585 00:55:53.480 ⇒ 00:55:57.559 Uttam Kumaran: It’s gonna take time. They’re not gonna be able to like, sit for 10 seconds and think about these.
586 00:55:57.560 ⇒ 00:55:58.260 Miguel de Veyra: Yeah.
587 00:55:58.260 ⇒ 00:56:03.350 Uttam Kumaran: The other thing I sort of want them. I would rather them do is just hand over all of their.
588 00:56:03.470 ⇒ 00:56:04.910 Miguel de Veyra: Questions, scripts?
589 00:56:05.310 ⇒ 00:56:06.050 Miguel de Veyra: Yeah.
590 00:56:06.050 ⇒ 00:56:06.560 Uttam Kumaran: Like all.
591 00:56:06.560 ⇒ 00:56:07.490 Scott_Harmon: Oh, they’re what oh.
592 00:56:07.490 ⇒ 00:56:12.569 Uttam Kumaran: You should just hand us like a month’s worth of transcripts from the calls, and we can build.
593 00:56:13.530 ⇒ 00:56:14.910 Scott_Harmon: Have you asked him for that yet.
594 00:56:14.910 ⇒ 00:56:20.619 Uttam Kumaran: I I did ask them. I don’t know. It’s taking some time. I’m gonna try to ask again. I asked you yesterday.
595 00:56:21.380 ⇒ 00:56:23.489 Miguel de Veyra: Yeah, okay, I just didn’t know.
596 00:56:24.280 ⇒ 00:56:24.910 Uttam Kumaran: Yeah.
597 00:56:25.480 ⇒ 00:56:27.490 Miguel de Veyra: Reschedule a call with Yvette on Monday.
598 00:56:27.520 ⇒ 00:56:29.250 Uttam Kumaran: I haven’t scheduled it yet. No.
599 00:56:29.960 ⇒ 00:56:32.379 Miguel de Veyra: Oh, but you’re gonna meet with Janice right.
600 00:56:32.550 ⇒ 00:56:35.449 Uttam Kumaran: I’m gonna yeah, whoever I get on the phone I’m gonna meet with. But I
601 00:56:35.970 ⇒ 00:56:37.999 Uttam Kumaran: seems like she’s less busy on like.
602 00:56:38.000 ⇒ 00:56:38.530 Miguel de Veyra: Yeah, yeah.
603 00:56:38.530 ⇒ 00:56:41.140 Uttam Kumaran: Think the event is handling like higher management stuff. So.
604 00:56:41.500 ⇒ 00:56:42.460 Miguel de Veyra: Okay. Okay.
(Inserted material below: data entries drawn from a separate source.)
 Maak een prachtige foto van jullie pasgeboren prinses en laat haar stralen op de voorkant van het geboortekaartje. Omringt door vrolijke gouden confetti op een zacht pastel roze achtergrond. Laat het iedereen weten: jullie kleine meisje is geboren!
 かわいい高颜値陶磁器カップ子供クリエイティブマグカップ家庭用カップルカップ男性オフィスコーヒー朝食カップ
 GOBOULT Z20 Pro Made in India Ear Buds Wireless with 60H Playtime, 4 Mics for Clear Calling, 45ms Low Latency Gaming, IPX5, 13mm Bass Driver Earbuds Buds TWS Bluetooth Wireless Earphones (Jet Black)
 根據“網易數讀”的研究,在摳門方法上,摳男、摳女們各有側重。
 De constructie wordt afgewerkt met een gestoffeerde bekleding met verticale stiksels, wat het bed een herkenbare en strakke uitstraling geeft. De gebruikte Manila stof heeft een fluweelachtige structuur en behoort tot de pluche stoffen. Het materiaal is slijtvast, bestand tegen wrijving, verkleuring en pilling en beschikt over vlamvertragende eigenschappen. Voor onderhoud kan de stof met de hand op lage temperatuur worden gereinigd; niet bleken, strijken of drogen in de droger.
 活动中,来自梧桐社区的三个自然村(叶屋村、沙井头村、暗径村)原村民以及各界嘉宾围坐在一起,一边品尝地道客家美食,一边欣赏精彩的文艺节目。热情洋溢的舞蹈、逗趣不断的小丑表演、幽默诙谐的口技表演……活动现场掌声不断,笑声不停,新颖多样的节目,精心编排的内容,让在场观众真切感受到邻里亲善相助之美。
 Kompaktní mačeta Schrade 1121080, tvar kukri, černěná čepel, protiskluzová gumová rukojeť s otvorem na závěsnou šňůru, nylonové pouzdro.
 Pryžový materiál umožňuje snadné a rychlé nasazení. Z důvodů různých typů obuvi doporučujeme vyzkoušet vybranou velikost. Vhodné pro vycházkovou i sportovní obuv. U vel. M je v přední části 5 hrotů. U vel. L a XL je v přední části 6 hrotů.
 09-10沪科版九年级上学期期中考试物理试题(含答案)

605 00:56:43.570 ⇒ 00:56:48.920 Uttam Kumaran: Yeah, I’ll try to get in touch, maybe even spend like 30 min a day next week.
606 00:56:49.180 ⇒ 00:56:54.359 Uttam Kumaran: Yeah, my time is the worst. So if it’s on me, it’s gonna get.
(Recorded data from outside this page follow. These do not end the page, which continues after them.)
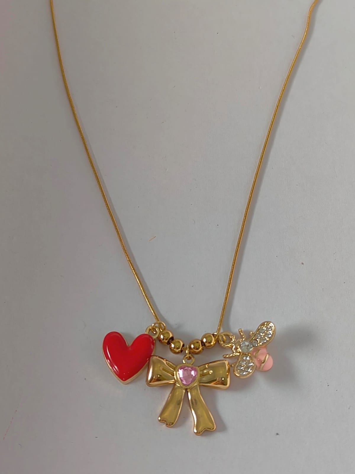Add a playful buzz to your style with this pendant chain featuring charming red heart and pink honeybee charms. Its anti-tarnish finish keeps the colors vibrant, making it a fun and lively accessory that brightens up any outfit with a touch of sweetness and whimsy.
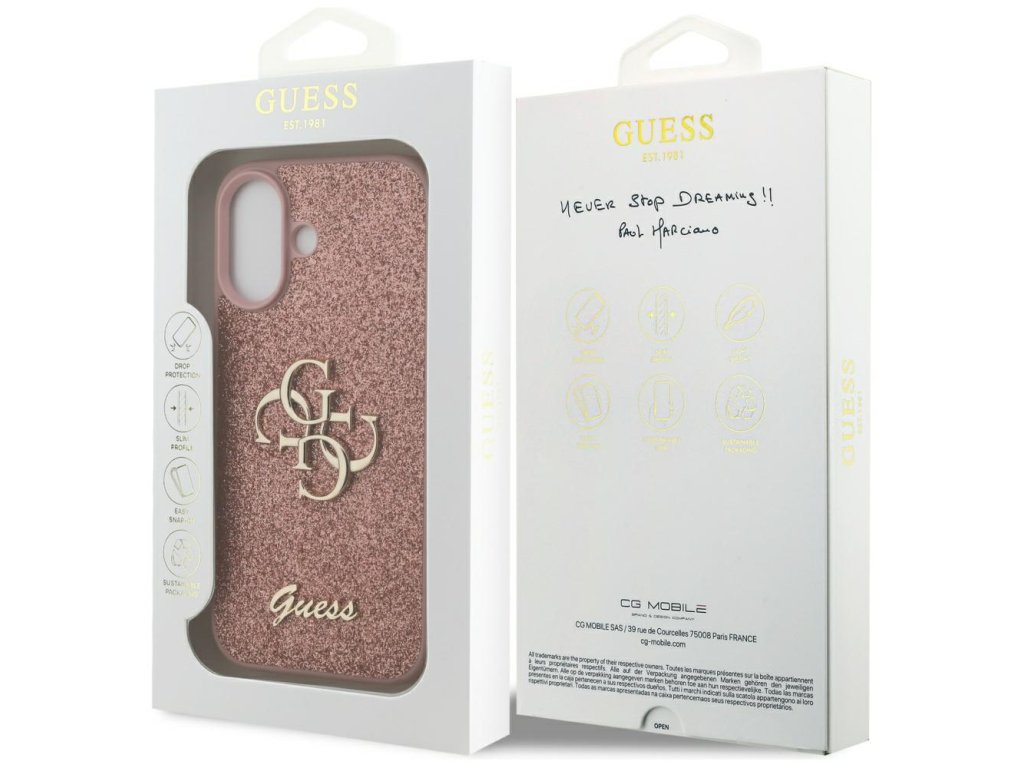 Guess – Fixed Glitter Big 4G pouzdro na iPhone 17 – růžové
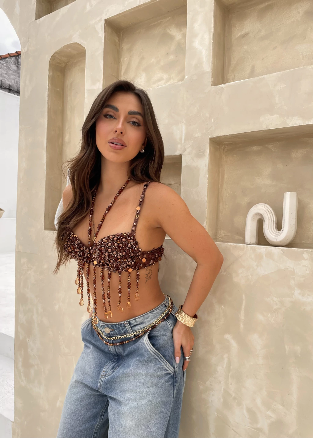 Peça bordada manualmente com mix de pedrarias, miçangas, paetês e cristais em tons de marrom.
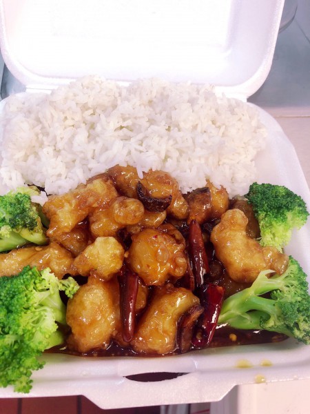 Beef, chicken, shrimp, peanuts, and fresh veg. in spicy Kung Pao sauce
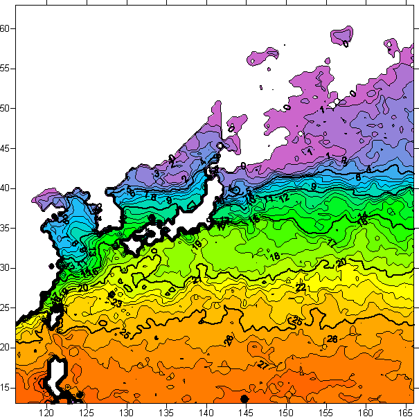 o 2006년 2월 28일 북서태평양 광역해양 수온분포 입니다.
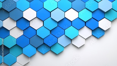 Blue Hexagonal Pattern with 3D Effect on a Light Background
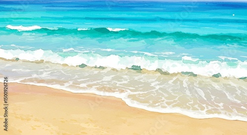 Watercolor Illustration of Turquoise Ocean Waves Crashing on Sandy Beach

607 00:56:54.650 ⇒ 00:56:55.449 Miguel de Veyra: Yeah, yeah, yeah.
608 00:56:55.450 ⇒ 00:56:55.840 Uttam Kumaran: So.
609 00:56:55.840 ⇒ 00:56:59.200 Miguel de Veyra: I’ll try to spend 30 min to an hour with yes.
610 00:56:59.848 ⇒ 00:57:02.260 Uttam Kumaran: If they’re open to meeting every day, and they.
611 00:57:02.260 ⇒ 00:57:02.930 Miguel de Veyra: Yeah, yeah.
612 00:57:02.930 ⇒ 00:57:05.110 Uttam Kumaran: Do it. Yeah, go for it. No stopping.
613 00:57:05.930 ⇒ 00:57:10.919 Scott_Harmon: I think Janice would probably be. I think my sense is, she is a little more available, and she’s just super
614 00:57:11.550 ⇒ 00:57:16.420 Scott_Harmon: super supportive of everything that’s going on that is more busy, a little bit harder to PIN down so
615 00:57:16.826 ⇒ 00:57:17.360 Scott_Harmon: I wouldn’t.
616 00:57:17.360 ⇒ 00:57:22.499 Miguel de Veyra: Should I? Should I? Should I email, Jeanette, direct Janice directly, or should I ask.
617 00:57:22.680 ⇒ 00:57:28.719 Uttam Kumaran: Just include everybody include me, Yvette Scott. And then the ABC email.
618 00:57:29.430 ⇒ 00:57:31.789 Uttam Kumaran: yeah. And then just just see if you can.
619 00:57:31.930 ⇒ 00:57:35.239 Uttam Kumaran: Yeah, just try to just try to, don’t, I would say
620 00:57:35.700 ⇒ 00:57:41.989 Uttam Kumaran: at Max, just email everybody. I think they’re totally fine with getting bombarded. I don’t think they really had a concern. We’re not.
621 00:57:41.990 ⇒ 00:57:43.229 Miguel de Veyra: Okay. Okay. Sure. Sure.
622 00:57:44.540 ⇒ 00:57:45.410 Miguel de Veyra: Okay.
623 00:57:46.990 ⇒ 00:57:48.160 Uttam Kumaran: Okay. Awesome.
624 00:57:48.160 ⇒ 00:57:48.850 Miguel de Veyra: There we go!
625 00:57:50.130 ⇒ 00:57:50.780 Scott_Harmon: Yeah, it’s great.
626 00:57:50.780 ⇒ 00:57:51.330 Scott_Harmon: Well, great.
627 00:57:51.330 ⇒ 00:57:52.120 Scott_Harmon: Good job. Good.
628 00:57:52.300 ⇒ 00:57:54.650 Uttam Kumaran: I’ll try to make sure in in our brain force.
629 00:57:55.550 ⇒ 00:58:01.100 Uttam Kumaran: Google. You can see the chat it’s in ours. But I’ll make sure that you can see it there as well, and you can play around.
630 00:58:01.670 ⇒ 00:58:05.660 Scott_Harmon: Okay, okay, guys, thanks. A lot. Good stuff.
631 00:58:05.660 ⇒ 00:58:06.319 Miguel de Veyra: Thanks, Evan.
632 00:58:06.710 ⇒ 00:58:08.520 Uttam Kumaran: Talk soon bye.